Compression technique 2: Product quantization
Product quantization is a vector quantization technique which produces a more compact representation of data while maintaining a minimal loss in information. The basic idea behind product quantization is to split the vectors into sub-regions and approximate the representation of a sub-region with the closest matching centroid. Doing this allows us to store the vectors much more efficiently—instead of storing the original floating point values for each vector, we’re just going to store centroid IDs as integers. A vector can later be reconstructed by making lookups to the centroid database.
Vector compression using product quantization. Image taken from Chris McCormick’ blog. |
To better understand how product quantization works, you should definitely read Chris McCormick’s tutorial about product quantizers: http://mccormickml.com/2017/10/13/product-quantizer-tutorial-part-1/
We’re going to use python’s pqkmeans library to generate our database of centroids and assign centroid IDs for each word. Each word vector of 150D (after PCA) will be transformed to a compressed representation of 30 centroid IDs.
import pqkmeans
def product_quantize(vectors, subdims=30, centres=1000):
encoder = pqkmeans.encoder.PQEncoder(iteration=40, num_subdim=subdims, Ks=centres)
encoder.fit(vectors)
vectors_pq = encoder.transform(vectors)
reconstructed_vectors = encoder.inverse_transform(vectors_pq)
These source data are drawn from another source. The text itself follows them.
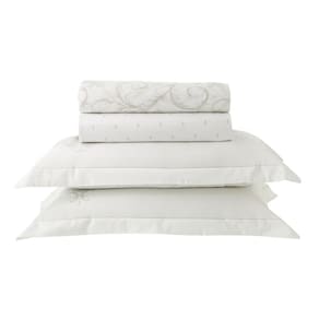 O Jogo de Cama Kacyumara Vida Bela Albi 200 Fios, apresenta uma estampa elegante e delicada de arabescos, em tons neutros de off white e bege, trazem uma harmonia que amplia em muito a decoração.
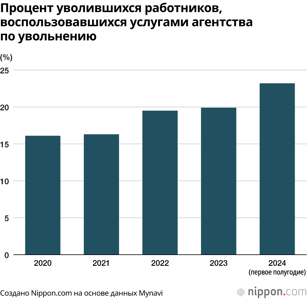 Согласно отчету, опубликованному в октябре 2024 года платформой по поиску работы Mynavi, среди 800 опрошенных (допускалось несколько вариантов ответа) основной причиной обращения в такие агентства стало то, что руководство «пыталось или попыталось бы помешать увольнению» (40,7%). Вторым по популярности ответом стал вариант «Я находился в такой атмосфере, где невозможно было открыто сказать о желании уволиться» (32,4%). Именно эта причина чаще всего встречалась в интервью, которые автор проводил лично.
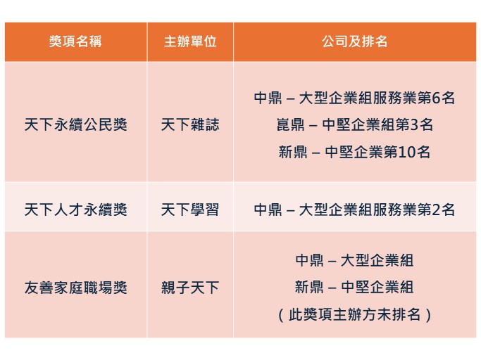 - 2025/10台灣: 中鼎集團ESG績效獲《天下》多項永續獎項肯定CTCI中鼎集團自許為「地球永續的把關者」,旗下三家上市櫃公司致力ESG的卓著績效,榮獲《天下雜誌》集團「天下永續公民獎」、「天下人才永續獎」、「友善家庭職場獎」等多項永續獎項肯定。
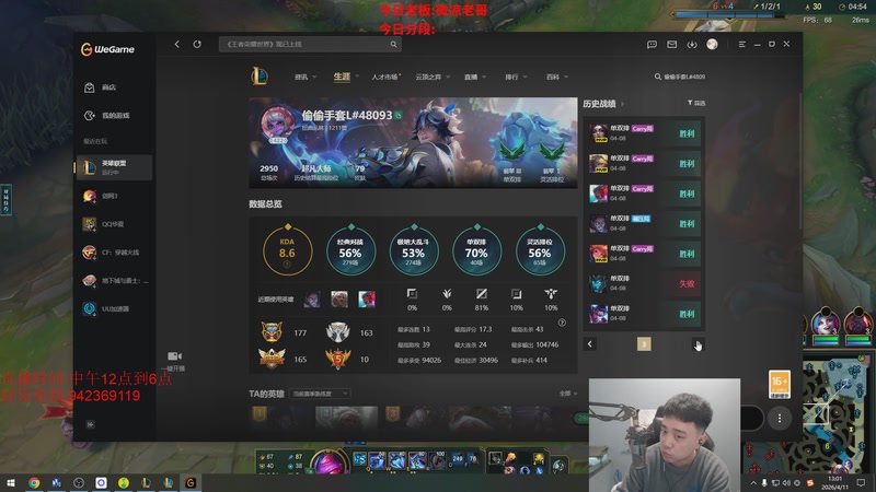 【2026-04-11 15点场】LOL丶摇摆:今天包天.明天继续韩服冲

return reconstructed_vectors, vectors_pq, encoder.codewords
reconstructed_embeddings, codes, centroids = product_quantize(reduced_embeddings)
# Compute accuracy of new model
words = [model.index2word[idx] for idx in range(len(reconstructed_embeddings))]
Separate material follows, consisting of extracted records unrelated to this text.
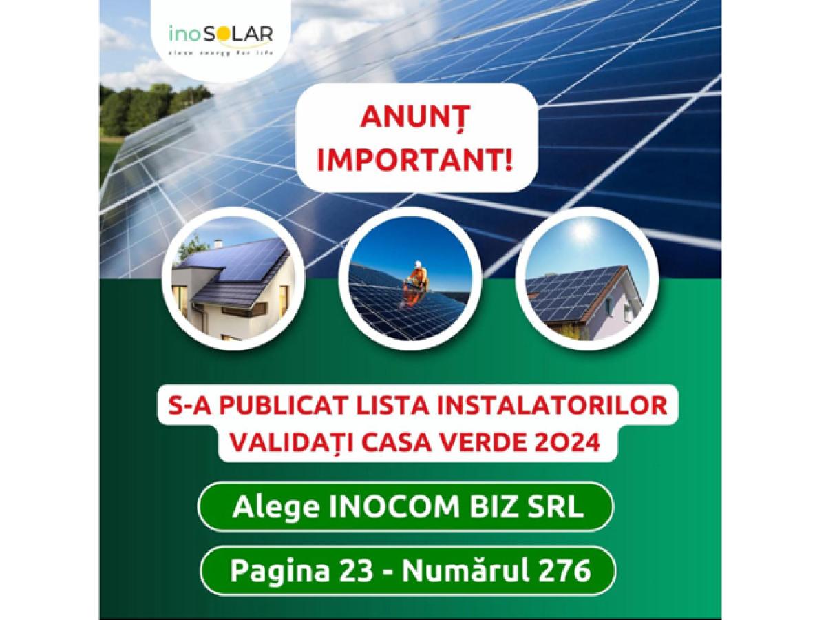 Pentru a beneficia de serviciile inoSOLAR, din lista instalatorilor validați AFM te invităm să alegi INOCOM BIZ SRL, echipa de profesioniști care ți-au pregătit oferta care te prinde: pagina 23, numărul 276.
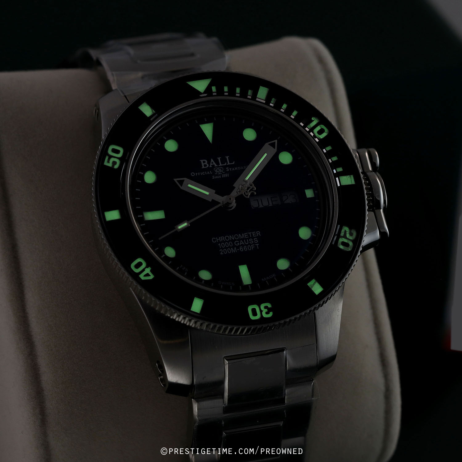 Movement: Powered by a Ball Watch caliber RR1102-CSL (base ETA 2836-2), COSC Certified Chronometer, patented SpringLOCK® hairspring & SpringSEAL® regulator anti-shock systems, beats at 28,800 vph (4Hz), and has a power reserve of +/- 38 hours.
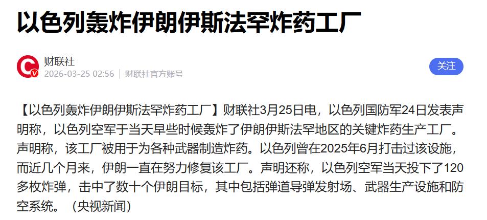 就在特朗普说"暂停打击能源设施五天"的同时,以色列空军轰炸了伊朗伊斯法罕地区的关键炸药生产工厂。
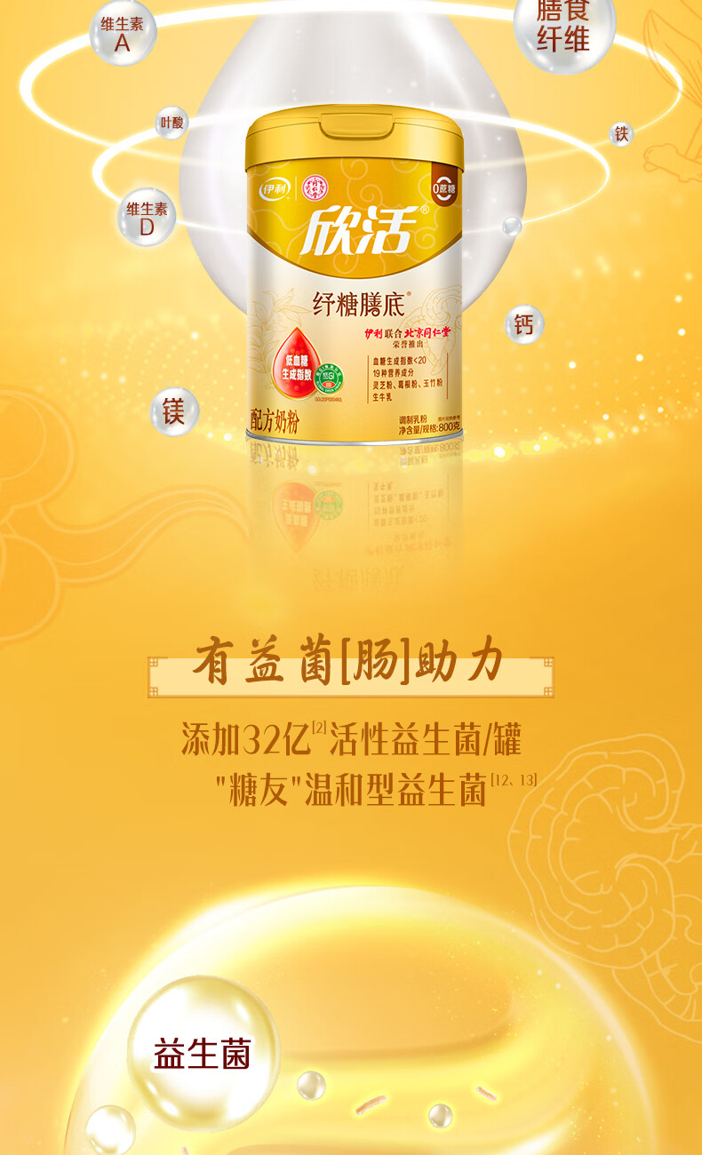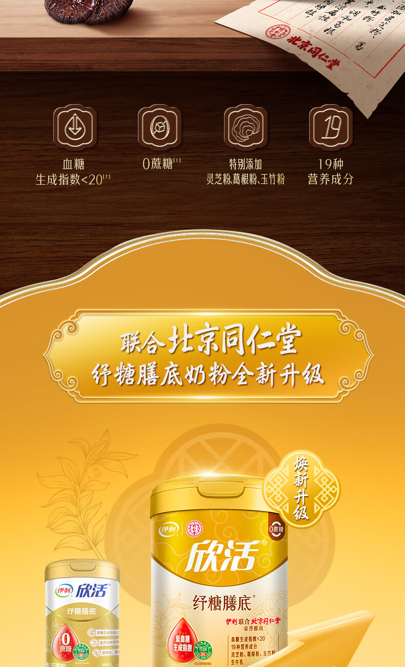 代发伊利欣活纾糖膳底配方奶粉(听装)(同仁堂联名)800g (糖尿病,高血糖可以喝)

model = KeyedVectors(vector_size=reconstructed_embeddings.shape[1])
model.add(words, reconstructed_embeddings, replace=True)
compute_accuracy(model)
Output:
Accuracy: 81.957310%
Lets do a size comparison between the original embeddings and the codes + centroids generated using product quantization
original_size = original_embeddings.nbytes
new_size = codes.nbytes + centroids.nbytes
print("Size reduction: {:f}%".format((original_size - new_size) * 100 / original_size))
Output:
Size reduction: 93.000000%
That’s a pretty significant reduction in size with only a small decrease in accuracy. Now that we’ve compressed our vectors to a reasonable size, we can deploy them to the browser!
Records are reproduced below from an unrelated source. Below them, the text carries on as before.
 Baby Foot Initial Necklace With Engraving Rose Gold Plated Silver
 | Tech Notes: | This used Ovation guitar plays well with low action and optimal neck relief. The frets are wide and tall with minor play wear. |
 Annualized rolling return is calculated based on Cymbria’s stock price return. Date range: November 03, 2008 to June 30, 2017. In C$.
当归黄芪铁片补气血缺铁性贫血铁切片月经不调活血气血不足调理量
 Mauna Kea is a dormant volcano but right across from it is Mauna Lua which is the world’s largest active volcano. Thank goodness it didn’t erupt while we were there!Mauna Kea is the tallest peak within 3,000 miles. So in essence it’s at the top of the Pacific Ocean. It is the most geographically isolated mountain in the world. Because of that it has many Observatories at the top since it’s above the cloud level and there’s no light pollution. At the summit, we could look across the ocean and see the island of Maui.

Loading vectors using tensorflow.js
The final codes and centroids generated using product quantization along with the vocabulary are bundled into a JSON file. The vectors are then loaded on the browser using tensorflow.js. I’ve written a javascript library with tfjs which lets you unpack the vectors and reconstruct word embeddings by making lookups to the database of centroids. It also lets you search a word’s nearest neighbors and evaluate word analogies.
You can checkout the implementation on Github: https://github.com/mb-14/embeddings.js
Future explorations
The word analogy test might not be a good way to measure the usefulness of word embeddings in practical NLP tasks. Instead, we can perform benchmarking on a task like sentiment analysis for a better measure of accuracy.
Deploying word embeddings is only the first step to implementing natural language based deep learning models in the browser. Fortunately, libraries like tensorflow.js make it very easy to run complex graphs on the browser.